Strengths of our study include the highly controlled laboratory protocol, which was able to determine the independent impact of circadian misalignment—similar to that typically experienced by shift workers—on cardiovascular disease risk factors assessed repeatedly across 24 h. Limitations of the study should also be considered. First, our participants were healthy and had little or no shift work experience. The effect of circadian misalignment on cardiovascular function and inflammatory markers may be different in people with hypertension and in shift workers. Second, our sample size was relatively small, although in keeping with similar highly controlled, within-participant studies. Thus, we may have been statistically underpowered to detect the impact of circadian misalignment on some of the outcome variables. Moreover, we were likely statistically underpowered to detect certain correlations between circadian misalignment-mediated changes in our primary outcome variables (e.g., blood pressure and inflammatory makers) and circadian misalignment-mediated changes in our explanatory/secondary outcome variables (i.e., sleep duration and autonomic markers). Third, we investigated the effect of circadian misalignment on a selection of cardiovascular- and inflammatory-related variables. Further studies are needed to test the impact of circadian misalignment on other cardiovascular (e.g., baroreflex sensitivity and endothelial function) and inflammatory markers (e.g., IL-8 and monocyte chemoattractant protein-1). Fourth, we assessed the impact only of short-term circadian misalignment on cardiovascular disease risk factors. The independent effect of chronic circadian misalignment on cardiovascular disease risk factors still needs to be studied. Future studies are warranted to identify countermeasures for the adverse effect of circadian misalignment on blood pressure and inflammatory markers, such as timing of exercise and diet. For example, we have shown that evening exercise decreases blood pressure during a subsequent simulated night shift (67).

Summary

We demonstrate that circadian misalignment per se increases blood pressure and inflammatory markers. Circadian misalignment caused by rapidly shifting the behavioral and light/dark cycles relative to the endogenous circadian system is typical in shift workers. Thus, our findings may help explain why shift work is a risk factor for elevated blood pressure, hypertension, and cardiovascular disease.

Methods

Other aspects of this study—which was designed to test separate hypotheses—have previously been published (35, 68).

Participants.

Fourteen healthy, nonsmoking, drug- and medication-free (except for oral contraceptives) adults completed this study [mean ± SD (range) age, 28 ± 9 y (20–49 y); body mass index, 25.4 ± 2.6 kg/m2 (21–29.5 kg/m2); eight men]. The Partners Human Research Committee approved this research, which was conducted in the Center for Clinical Investigation at Brigham and Women’s Hospital (Boston, MA). All participants provided written informed consent. See SI Methods for details.

Experimental Protocol.

Each participant underwent two 8-d laboratory protocols, according to a cross-over design, to test the impact of circadian misalignment on cardiovascular disease risk factors (Fig. 1). One protocol included circadian misalignment, and the other maintained circadian alignment. The visits were separated by 2–8 wk [mean, 4 wk (SD, 2)]. “Minimization” was used to minimize imbalance—according to age, gender and body mass index—in the order of laboratory visits (circadian alignment protocol first, n = 7; circadian misalignment protocol first, n = 7) (69).

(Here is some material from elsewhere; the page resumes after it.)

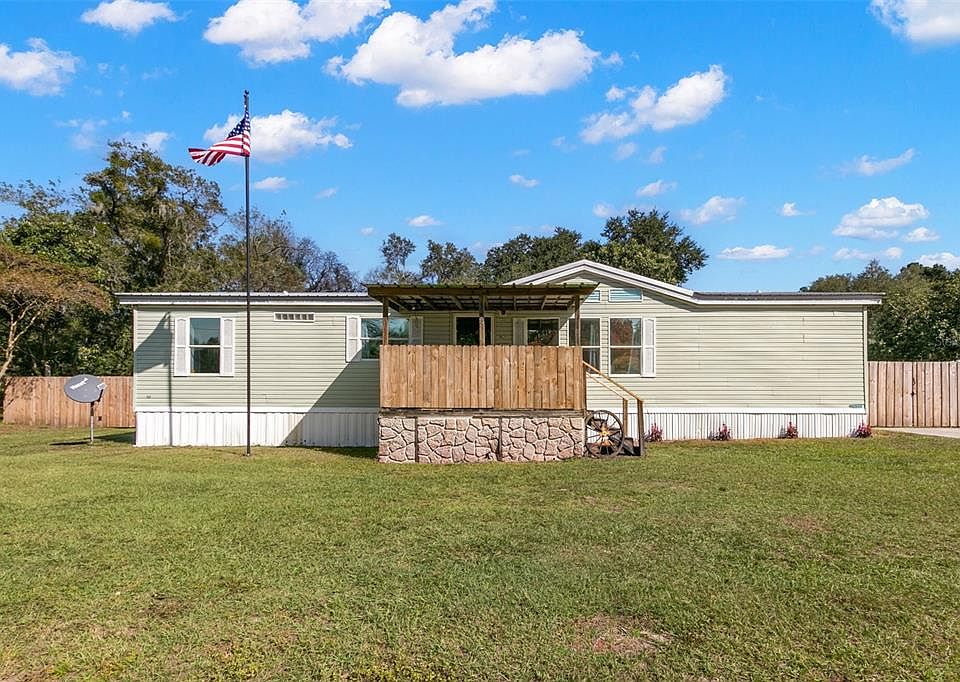 Welcome to this double wide manufactured home that is situated on just under 1/2 acre lot in the sought after location of Lithia! Bring your recreational vehicles while living the country life with no HOA restrictions or CDD fees! This home’s covered entry will welcome you into the GRAND living space that has a working fireplace flanked with lighted arch niches, newer carpeting and a 10 paddle, rustic ceiling fan! The dining room separates the living room and kitchen and makes daily living and entertaining a breeze! The kitchen has loads of cabinetry, a bay area for a small table and a window over the kitchen sink so you can enjoy the scenery during this chore! The split floor plan has a master bedroom that can accommodate oversized furniture and a space for lounging or a desk area! The en suite is UPDATED with dual vanities, a WALK IN SHOWER, new fixtures and hardware! The secondary bedrooms are oversized, have walk in closets and immediate access to the second FULL bathroom that has been UPDATED! The back yard has been given a makeover! Mature trees remain, the yard is cleared and ready for BBQs, pets & play! The fence has dual double door gates and there is a parking pad for additional storage for those heavier items! The METAL roof is newer (2020), the drain field was replaced (2023), septic emptied (2022) and HVAC has a new heater and blower motor (6/2023) making this home MOVE IN READY! Located less than 10 minutes to Alderman’s Ford Conservation Park and Alafia River State Park where you can enjoy boating, GLAMPING, fishing, horseback riding, wildlife viewing and more! You can enjoy nature while being 15 minutes to restaurants and shops!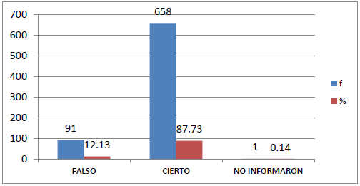 A los encuestados se les preguntó si la desmotivación es un factor que influye en la existencia del Bajo Rendimiento Escolar; los datos registrados son los siguientes: 12.13 % (91) expresó que es falso , 87.73 % (658) contestó afirmativamente y 0.14 % (1) no proporcionó información . Estos registros son mensajes que los estudiantes envían tanto a las autoridades de las escuelas visitadas, como a sus padres para que ambos inicien la implementación de medidas que disminuyan los porcentajes obtenidos y el bajo rendimiento escolar (gráfica 3).

Preinpatient Study Conditions.

Participants selected and maintained a normal sleep/wake schedule, with an 8-h sleep opportunity, for ≥11 d [mean, 17 d (SD, 3)] before each laboratory visit. Compliance was assessed with wrist actigraphy (Actiwatch Spectrum, Philips-Respironics; or Actiwatch-L, Mini Mitter), sleep diary, and daily bedtime and wake time calls to a time-stamped voicemail system [mean bedtime, 23:30 hh:mm (SD, 0:48); mean wake time, 7:21 hh:mm (SD, 0:41); data from seven sleep periods preceding the final ambulatory sleep period before both inpatient admissions]. On the night preceding each inpatient admission, participants were instructed to sleep between 11:00 PM and 7:00 AM to aid the adaptation of participants’ endogenous circadian system to the initial laboratory sleep/wake schedule (sleep opportunity, 11:00 PM to 7:00 AM).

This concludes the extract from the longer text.